In general, special characters such as &, |, >, < are only allowed if specified inside a quoted string or preceded by triple \. The character `` ` '' cannot be specified in the JDL.
Comments must be preceded by a sharp character (#) or have to follow the C++ syntax, i.e a double slash (//) at the beginning of each line or statements begun/ended respectively with /* and */ .

The JDL is sensitive to blank characters and tabs. No blank characters or tabs should follow the semicolon at the end of a line.

Essential JDL attributes.

In a job description file, some attributes are mandatory, while some others are optional.
Essentially, one must at least specify the name of the executable, the files where to write the standard output and the standard error of the job (they can even be the same file), for the standard input, an input file can be similarly specified.
For example:

Executable = "test.sh"; 
StdOutput = "std.out"; 
StdError = "std.err";
StdInput = "std.in";

Standard output, standard error, and stardard input are redirected to the files std.out, std.err and std.in, respectively, which are then transferred back to the User Interface after the job has finished, as they are in the Output Sandbox.
If needed, arguments to the executable can be passed:

Arguments = "hello 10";

Then, the files to be transferred between the UI and the WN before (Input Sandbox) and after (Output Sandbox) the job execution can be specified:

InputSandbox = {"test.sh","std.in"}; 
OutputSandbox = {"std.out","std.err"};

In this example, the executable test.sh is also transferred. This would not be necessary if that file was already in the Worker Node (or, for example, it was a common Unix command, such as /bin/hostname).
Wildcards are allowed only in the InputSandbox attribute. The list of files in the Input Sandbox is specified relatively to the current working directory.
Absolute paths cannot be specified in the OutputSandbox attribute.
Neither the InputSandbox nor the OutputSandbox lists can contain two files with the same name (even if in different paths) as when transferred they would overwrite each other.

Note: The executable flag is not preserved for the files included in the Input Sandbox when transferred to the WN.
Therefore, for any file needing execution permissions a chmod +x operation should be performed by the initial script specified as the Executable in the JDL file (the chmod +x operation is done automatically for this script).
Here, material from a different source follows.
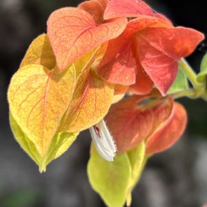 朱色の苞(ほう)が 重なったユニークな形 🦐海老の尾のように曲がってる (近所の玄関 鉢植え🪴) 小海老草(こえびそう) 別名 ベロペロネ キツネノマゴ科
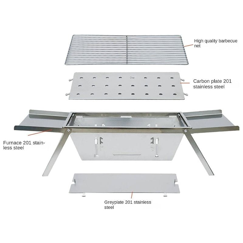 Paketinhalt: 1 × Klappbarer Edelstahl-Grill für draußen

The environment of the job can be modified using the Environment attribute.
For example:

Environment = {"CLASSPATH=./myappl.jar",
               "LCG_GFAL_VO=gilda"};

Some JDL attributes allow the user to specify requirements.
The Requirements attribute can be used to express any kind of constraint on the resources where the job can run. Its value is a Boolean expression that must evaluate to true for a job to run on that specific CE. For that purpose all the GLUE attributes of the IS can be used.

Specifying requirements on the CE:

The Workload Management System can be also asked to send a job to a particular CE with the following expression:

Requirements = other.GlueCEUniqueID == "grid010.ct.infn.it:2119/jobmanager-pbs-short";

where the other. is a prefix used to indicate that the GlueCEUniqueID attribute refers to the GlueSchema CE characteristics.
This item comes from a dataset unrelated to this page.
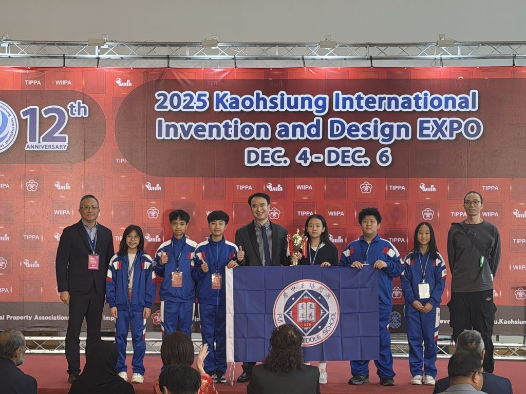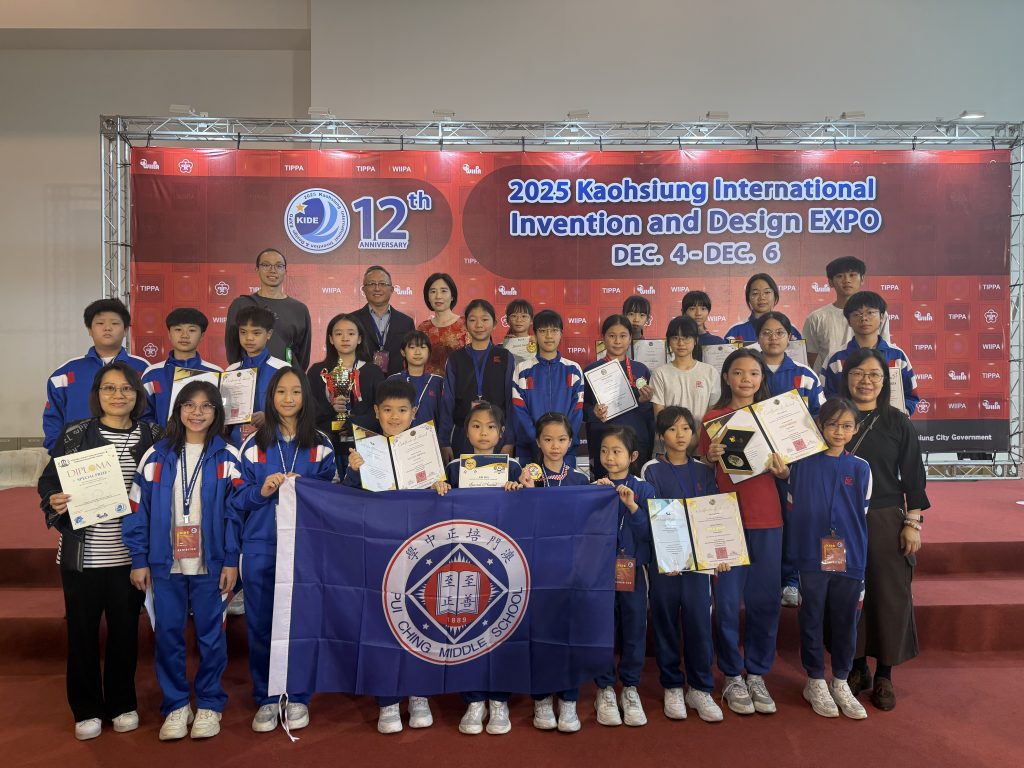 由世界發明智慧財產聯盟總會(WIIPA)及台灣發明商品促進協會(TIPPA)共同主辦的「2025高雄KIDE國際發明暨設計展」,於12月4至6日在高雄展覽館隆重舉行。本屆賽事匯聚來自中國(含港澳台)、美國、德國、法國、日本、韓國等33個國家和地區,共488件作品參賽。澳門培正中學派出多支隊伍,經過連日來的激烈角逐,本校學生憑藉出色的創新思維與實踐能力,在國際舞台上大放異彩,共斬獲4金4銀,以及WIIPA鉑金獎及多個國家特別獎,成績斐然。

If the job must run on a CE where a particular experiment software is installed and this information is published by the CE, something like the following must be written:

Requirements = Member("ALICE-4.01.00",other.GlueHostApplicationSoftwareRunTimeEnvironment);

The choice of the CE where to execute the job, among all the ones satisfying the requirements, is based on the rank of the CE;
namely, a quantity expressed as a floating-point number. The CE with the highest rank is the one selected.
The user can define the rank with the Rank attribute as a function of the CE attributes.
The default definition takes into account the number of CPUs in the CPU that are free:

Rank = other.GlueCEStateFreeCPUs;

but more complex expression are possible.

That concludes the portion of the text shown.